Yeah I guess they would make good invites..good idea Ghostess
I can use these next yr maybe for that ..


----------



## beelce (Jul 21, 2007)

Lilly, I really like these...nice job...how will you use them?


----------



## Lilly (Jun 13, 2006)

Beelce
these are going in my gypsy room
I will have it set up like it's ready to do a reading ,seance etc


----------



## turtle2778 (Jul 9, 2006)

Those are excellent. GREAT job


----------



## BadTable Manor (Apr 16, 2008)

Looking forward to see pics of the gypsy room. Love the cards.


----------



## Lilly (Jun 13, 2006)

me too BTM..LOL thanks


----------



## HalloweenZombie (Jul 22, 2007)

Nice work on the cards. A whole set must have been a lot of work. They look great. I made tarot cards like this a few years back, but I didn't make the whole set. I just printed a few of the cards that would be face up, printed a couple of backs and just left the filler cards in the pile blank since no one would see them anyway. And I used the printer at work, so my only cost was the poster board and some spray glue. It worked great the first year, but the second year someone decided to mess the cards up, so I had people coming through the room and seeing the blank cards. Doh! This year I'm glueing the pile together.

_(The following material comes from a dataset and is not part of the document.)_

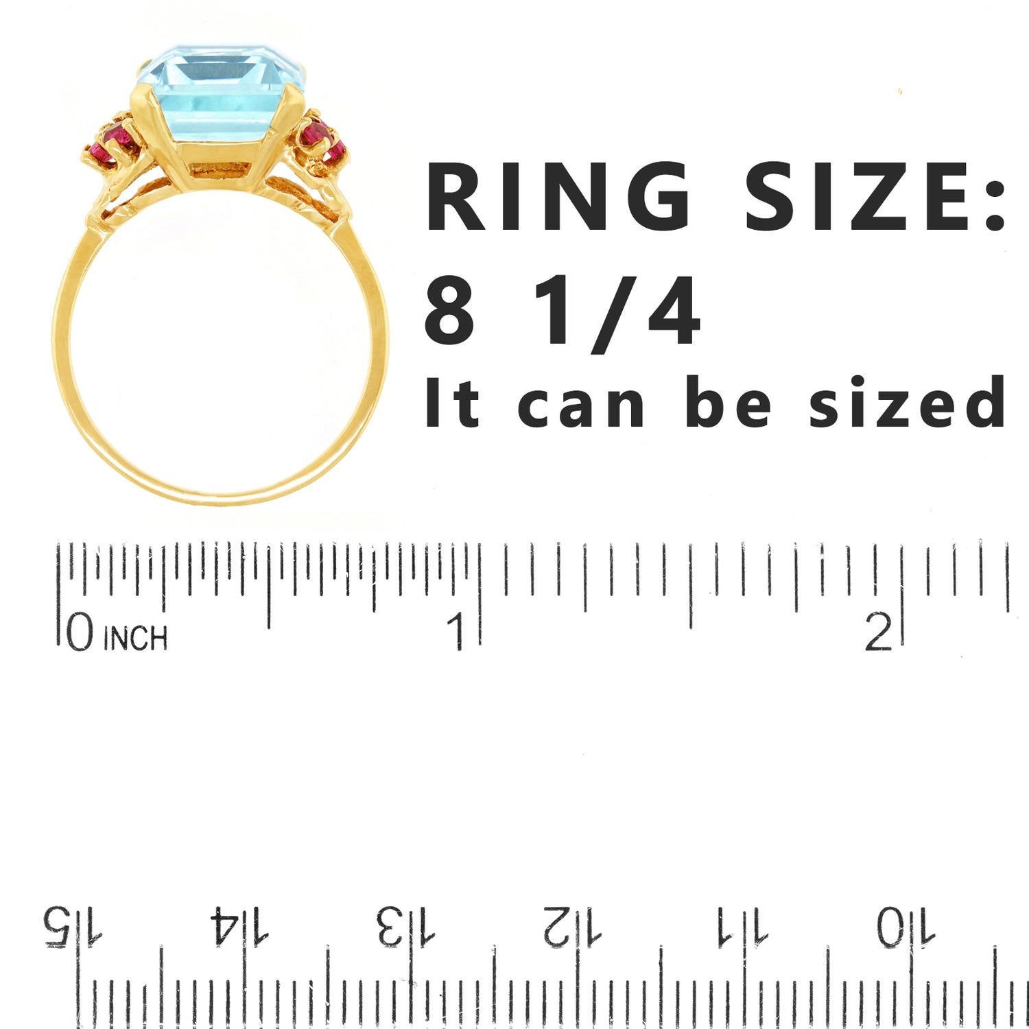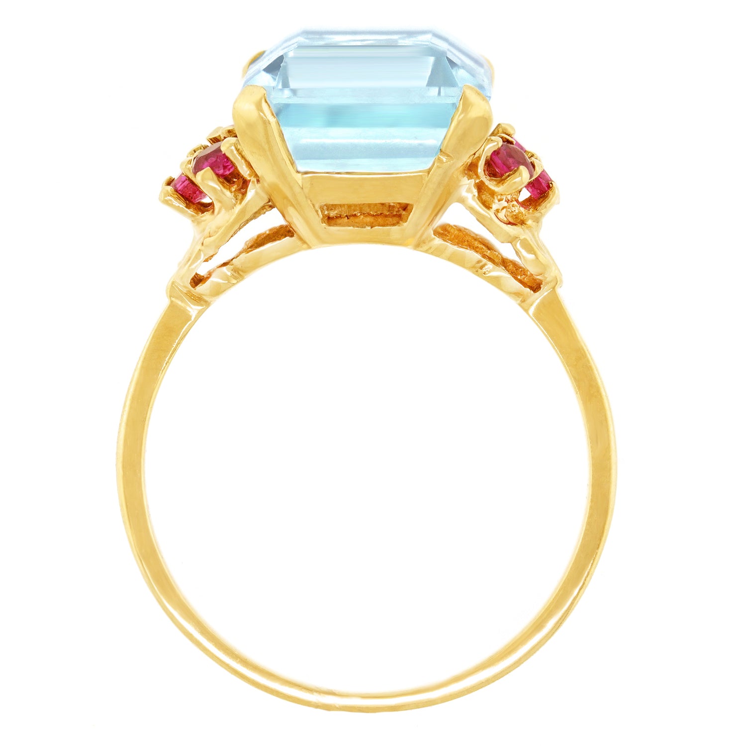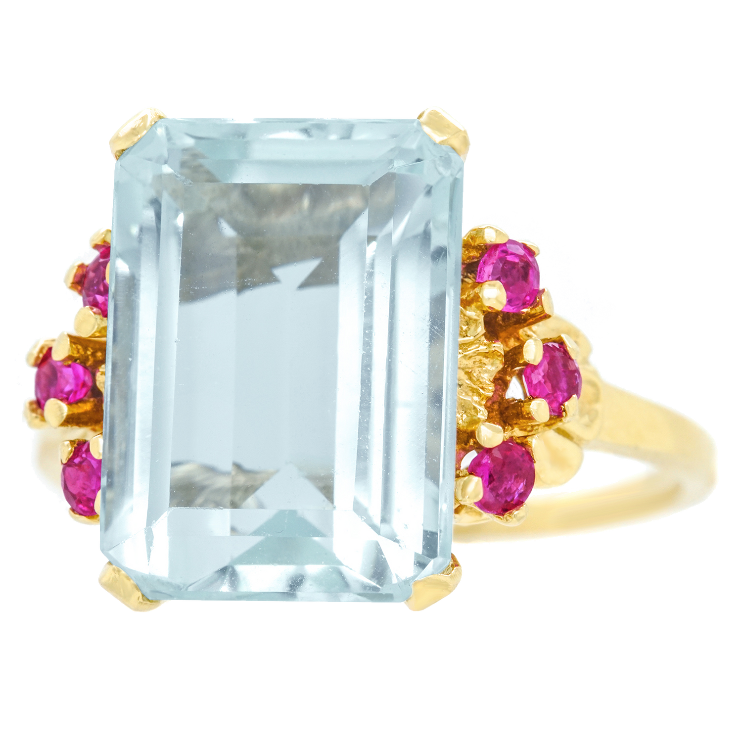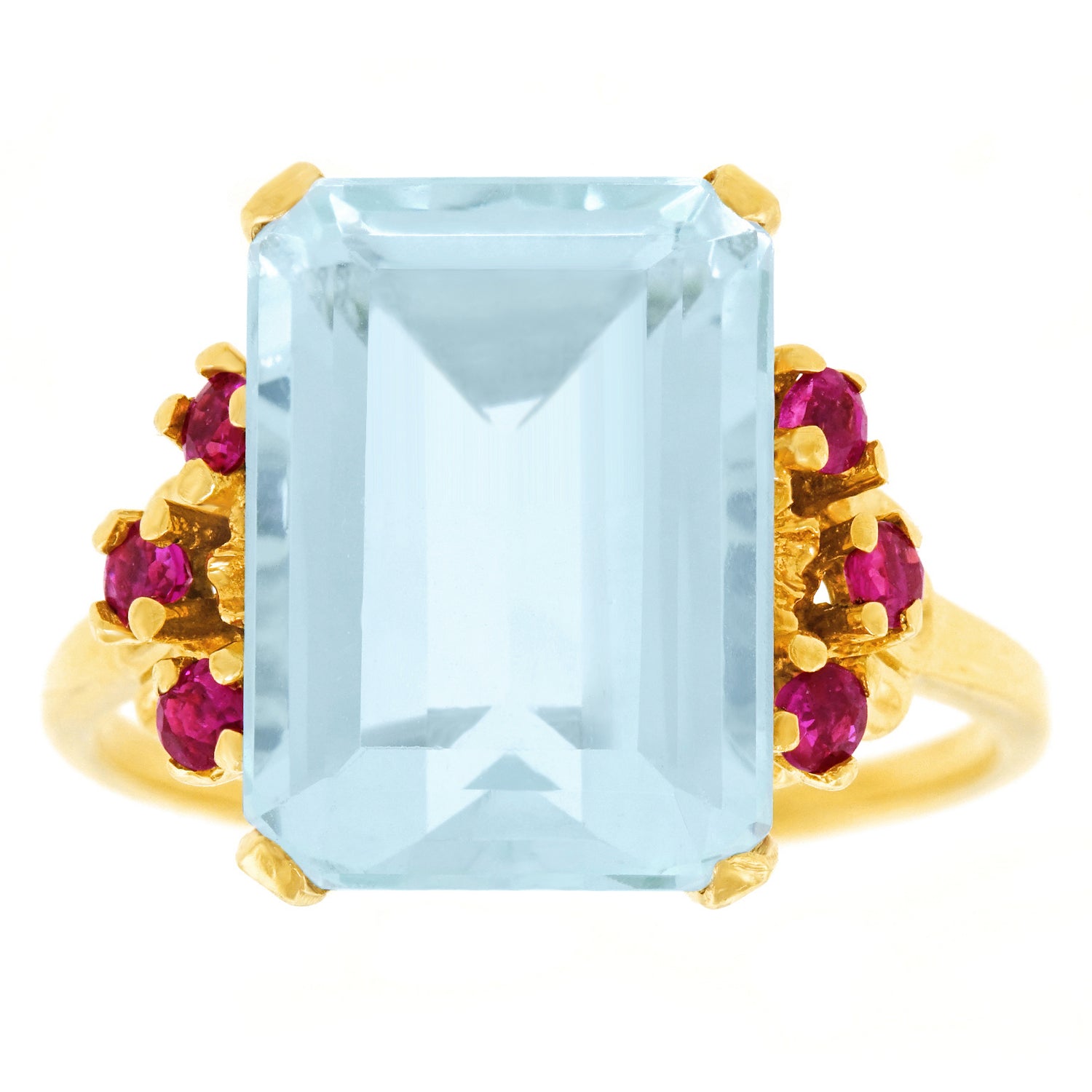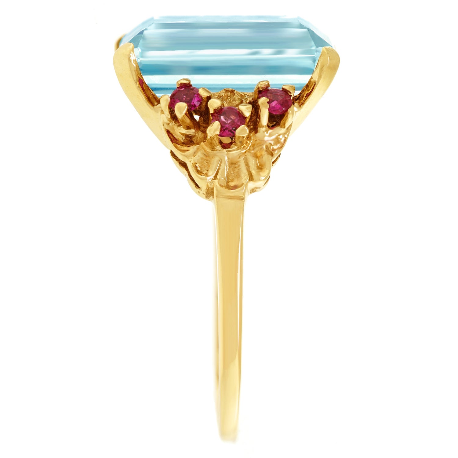 Circa 1950s, 14k, American. This classic retro fifties ring features a lush blue 7.50-carat aquamarine accented by .30 carats of fine rubies. The look is confident, colorful, and chic. Finely fashioned, this ring is the perfect size -- big enough to make a statement, yet comfortable for every day. Excellent condition.

http://home.comcast.net/~v.bariteau/images/gypsy.jpg
http://home.comcast.net/~v.bariteau/images/gypsy001.jpg


----------



## DeadSpider (Feb 3, 2006)

Those are very beautiful Lilly!! Wow. I love them.


----------



## Hawks Hill Haunter (Apr 1, 2007)

The cover - crystal ball pic - are SWEET!


----------



## Lilly (Jun 13, 2006)

halloween zombie ...thanks 
This gypsy http://home.comcast.net/~v.bariteau/images/gypsy001.jpg is awesome
what did you do to the "skin"
Are the walls painted that color or what did you use for covering?
To bad you have to glue them all.

Thanks DS and HHH

HHH I wish I could remember where I bought that crystal ball


----------



## Sickie Ickie (Jun 20, 2006)

agreed. the background looks like red fog!


----------



## Merlin (The Quiet One) (Feb 23, 2006)

Very nice cards Lilly.


----------